Hold-up. Distributor removal and replacement is tricky. And, the manual describes getting things oriented
before pulling the distributor. If it is replaced incorrectly, oil pressure will be lost, and you will ruin bearings in a matter of minutes.
The only way to confirm the camshaft's position, and therefore the valve-train for purposes of confirming the distributor's rotor position, is to check the valve lash.
I hope I got this correct. One crankshaft rotation, as indicated in the flywheel inspection window, will reveal that some valves are closed (there is rocker-arm clearance) and others are open, based on where the camshaft is in the cycle. "A" is 7-deg. before-top-dead-center on the compression-stroke (the ball in the flywheel inspection window).
There are two crank rotations for every one camshaft/distributor rotation on a four-stroke engine; here is an animation.

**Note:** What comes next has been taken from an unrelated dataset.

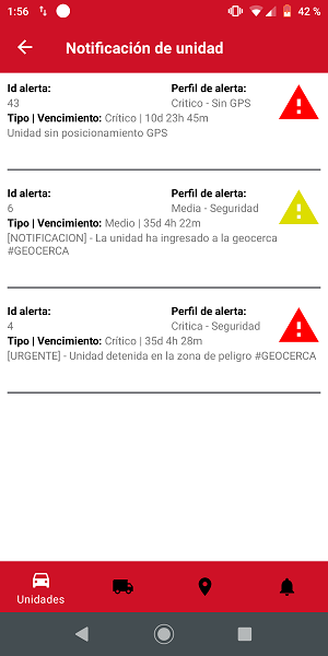 En caso de que el usuario no deseé realizar la consulta de las alertas, deberá presionar el icono "Atrás" ubicado en la parte superior izquierda o en la tecla "Regresar" por default en los dispositivos Android y el usuario permanecerá en la pantalla “Monitor de unidades".

I can't say for sure, however, this head had a bent valve stem. I had to get it out by cutting the valve face off. There was also a crack in the top of the valve guide from the deformed valve being pushed into it. The head was sold to me by as "needing a valve job." (the tech decided to go 2FE, on his girlfriend's '82 60, obtaining parts, straight pushrods and a working head assembly from a 3FE) My best guess is that he fired cylinder #6 on the exhaust stroke; could the pressure in the cylinder been so great that it slammed the valve shut against the force of the camshaft and rocker arm? The alternative assumption is physical damage in handling, after already deciding on doing the upgrade on a vehicle, which he reminded me, wasn't his.
My suggestion is to not do guesswork regarding timing; you can dial-it-in to tune it, but no major guesswork.